-------- Data excerpts --------

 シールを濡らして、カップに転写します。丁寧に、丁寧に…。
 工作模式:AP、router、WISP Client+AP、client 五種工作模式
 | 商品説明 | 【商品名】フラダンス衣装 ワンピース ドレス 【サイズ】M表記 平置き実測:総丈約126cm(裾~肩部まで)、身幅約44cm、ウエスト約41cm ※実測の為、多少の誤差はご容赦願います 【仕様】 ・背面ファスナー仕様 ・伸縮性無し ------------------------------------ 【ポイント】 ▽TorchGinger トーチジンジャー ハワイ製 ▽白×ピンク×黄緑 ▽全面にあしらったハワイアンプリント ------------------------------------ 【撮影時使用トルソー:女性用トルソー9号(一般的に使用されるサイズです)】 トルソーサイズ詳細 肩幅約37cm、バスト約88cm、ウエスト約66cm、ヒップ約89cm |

--------
-------- Data excerpts --------

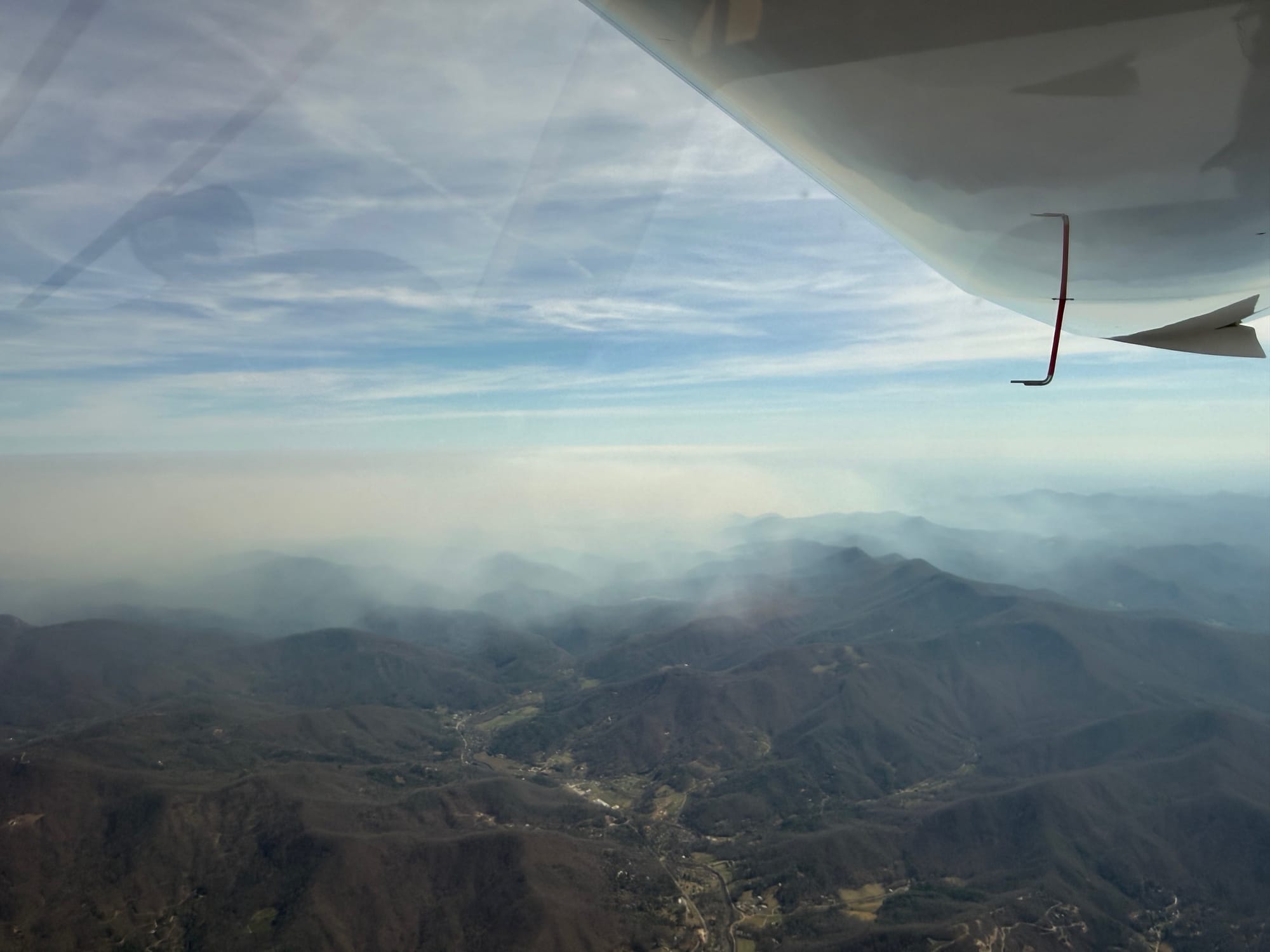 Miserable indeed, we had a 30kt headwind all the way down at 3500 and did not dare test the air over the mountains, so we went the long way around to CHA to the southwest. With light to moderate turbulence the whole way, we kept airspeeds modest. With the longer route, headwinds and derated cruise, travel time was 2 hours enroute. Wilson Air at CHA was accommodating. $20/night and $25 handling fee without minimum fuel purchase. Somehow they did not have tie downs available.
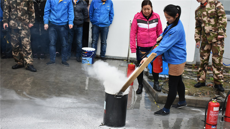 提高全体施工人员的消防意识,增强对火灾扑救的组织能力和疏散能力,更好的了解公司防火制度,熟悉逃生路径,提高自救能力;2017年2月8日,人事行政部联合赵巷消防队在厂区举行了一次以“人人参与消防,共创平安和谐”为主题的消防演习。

--------

▶ [Task directions] Pictures excluded, give again exactly and only the lines of the material above from the line with "Miserable indeed, we" through the line with "提高全体施工人员的消防意识,增强对火灾扑".

▶ [Solution to this problem]
 Miserable indeed, we had a 30kt headwind all the way down at 3500 and did not dare test the air over the mountains, so we went the long way around to CHA to the southwest. With light to moderate turbulence the whole way, we kept airspeeds modest. With the longer route, headwinds and derated cruise, travel time was 2 hours enroute. Wilson Air at CHA was accommodating. $20/night and $25 handling fee without minimum fuel purchase. Somehow they did not have tie downs available.
 提高全体施工人员的消防意识,增强对火灾扑救的组织能力和疏散能力,更好的了解公司防火制度,熟悉逃生路径,提高自救能力;2017年2月8日,人事行政部联合赵巷消防队在厂区举行了一次以“人人参与消防,共创平安和谐”为主题的消防演习。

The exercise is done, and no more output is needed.